Clinical outcomes 12 months after globus pallidus deep brain stimulation in patients with Parkinson’s disease (PD) (A). Programming parameters and distance from electrode contacts to globus pallidus motor nucleus (B)

	Patients with PD with SID(n=8)	Patients with PD without SID(n=15)	P value
(A)
UPDRS III (medication off, stimulation on)	33.50±12.87	32.13±7.91	0.925
UPDRS III (medication off, stimulation off)	37.68±14.89	41.46±8.39	0.441
UPDRS III (medication on, stimulation on)	20.68±14.09	15.23±8.88	0.266
UPDRS III (medication on, stimulation off)	26.00±15.56	22.13±12.87	0.728
UPDRS IV (medication off, stimulation on)	6.37±3.62	6.80±2.75	0.681
Stimulation effect in medication off state	4.18±3.18	9.33±4.77	0.013
Stimulation effect in medication on state	5.31±10.81	6.90±6.00	0.115
LEDD (mg)	1373.25±463.10	1272.86±322.19	0.548
(B)
At initial programming
Voltage (V)	2.18±0.39	2.77±0.47	0.001
Parameter configuration	All monopolar	All monopolar
At 12 months programming
Voltage (V)	2.58±0.90	3.07±0.67	0.116
Parameter configuration	Bipolar 3, monopolar 6, interleaving 1	Bipolar 2, monopolar 28
Ventral contact to GPi motor nucleus (mm)	1.87±1.31	1.48±1.11	0.287
Active contact to GPi motor nucleus (mm)	2.50±1.29	1.94±1.54	0.287

Data are represented as mean±SD.

Results in bold letters indicate significant difference between groups (p<0.05).

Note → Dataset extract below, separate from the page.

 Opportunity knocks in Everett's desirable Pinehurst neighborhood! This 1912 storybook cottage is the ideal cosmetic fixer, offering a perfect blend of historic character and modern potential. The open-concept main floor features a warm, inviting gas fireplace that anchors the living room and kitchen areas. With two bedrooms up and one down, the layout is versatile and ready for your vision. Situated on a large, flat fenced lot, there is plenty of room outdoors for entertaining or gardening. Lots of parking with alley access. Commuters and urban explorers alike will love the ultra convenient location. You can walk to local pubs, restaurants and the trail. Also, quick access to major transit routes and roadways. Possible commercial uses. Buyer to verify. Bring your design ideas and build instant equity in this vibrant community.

GPi, globus pallidus interna; LEDD, Levodopa equivalent daily dose; SID, stimulus-induced dyskinaesia; UPDRS, Unified Parkinson’s Disease Rating Scale.;

Contact 2 of the two groups was located on the dorsal GPi or GPe (online supplemental figure 2). The stimulation effect was positively correlated with the volume of intersections between the VTA and GPi motor nucleus (online supplemental figure 3A, r = 0.42, p=0.025). The mean VTA of patients with PD with SID was lower compared with those without, but it did not reach statistical significance (online supplementary figure 3B, 60.60 ± 46.92 vs 96.21±52.96, p=0.169).

Discussion

Patients with PD with GPi DBS-induced SID showed a smaller stimulation effect than those without SID, but there were no significant differences in UPDRS III scores between the two groups at 12 months after surgery. The voltage of stimulation after initial programming was significantly lower in patients with PD with SID compared with those without. The dorsal lead of patients with PD with and without SID is located in the dorsal GPi or GPe.

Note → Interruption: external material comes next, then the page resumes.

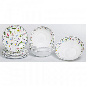 МАНУЭЛА, набор столовый (13), 6 мелк.тарелок 190мм + 6 салатников 650мл 175мм + салатник 950мл 200мм, стеклокерамика, цветная упаковка

GPi DBS has a direct antidyskinetic effect, and may be considered as a target for advanced patients with PD with LID.1 However, the clinical impact of dyskinaesia appearing by GPi stimulation is not well known. In previous studies, stimulation of the dorsal GPi or GPe has been shown to improve akinaesia, but SID may occur. Conversely, stimulation of ventral GPi can suppress SID but hypokinaesia may worsen.3 5 If SID appears after DBS surgery, it may be limited to adjusting programming parameters and selecting simulation contacts. Our results indicate that these obstacles in the programming strategy may affect the optimisation of the VTA and stimulation effect of GPi DBS.

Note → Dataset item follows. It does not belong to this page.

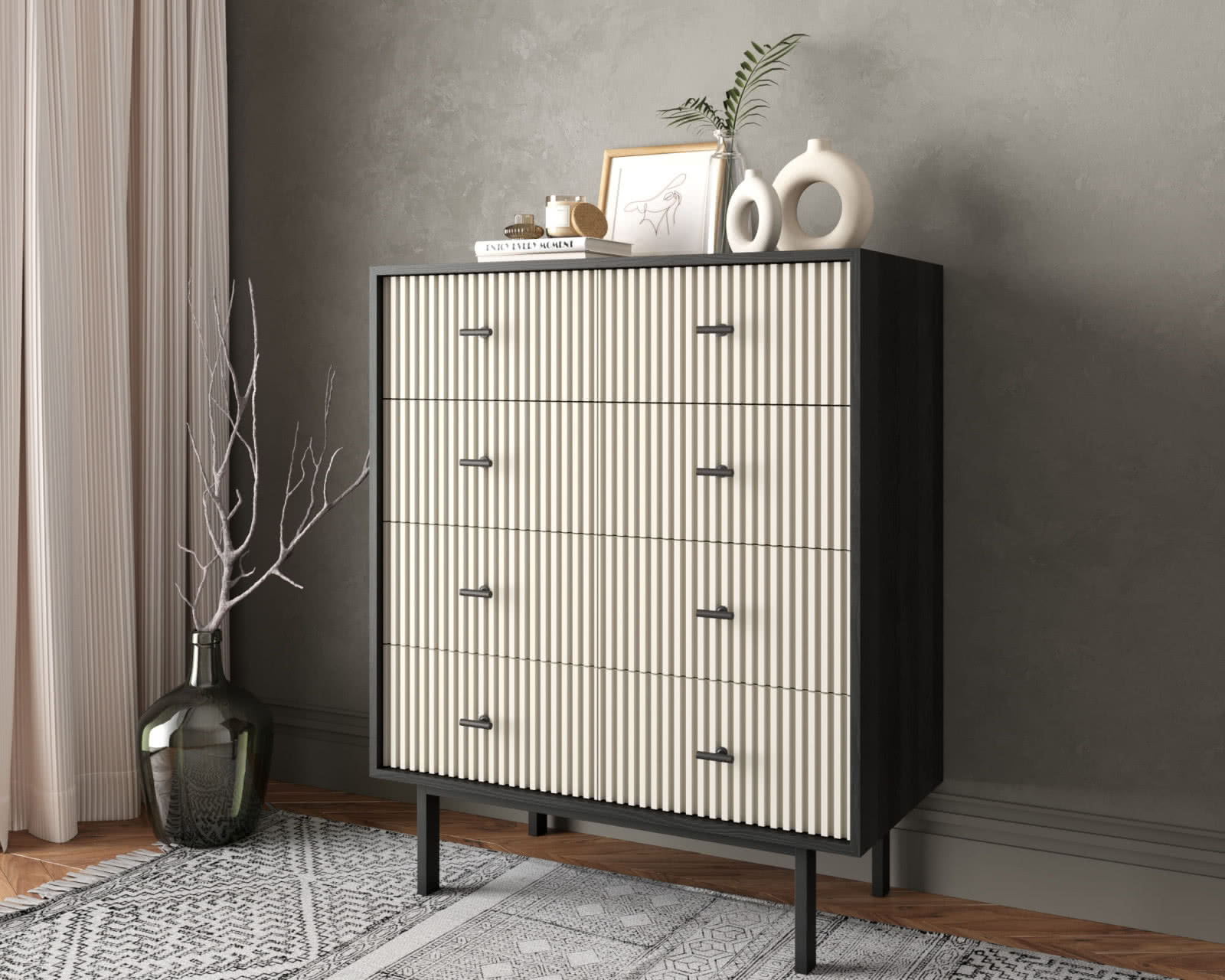 Модель оснащена восемью вместительными ящиками на шариковых направляющих, что обеспечивает плавное и лёгкое открывание. Петли с доводчиками делают использование комода максимально комфортным и тихим. Высокая форма и компактная ширина комода позволяют разместить его даже в небольших пространствах, не перегружая комнату.

Our study has several limitations. First, the limited numbers of patients and retrospective design could affect statistical power. Second, the model-based electrode reconstruction using Lead-DBS cannot exclude the possibility of error, and the VTA modelling does not represent the real bioelectrical effects of DBS.4

Conclusion

Our results suggests that patients with PD with GPi DBS-induced SID had different stimulation effect and programming parameters compared with those without, although no significant difference in the overall motor outcome was observed.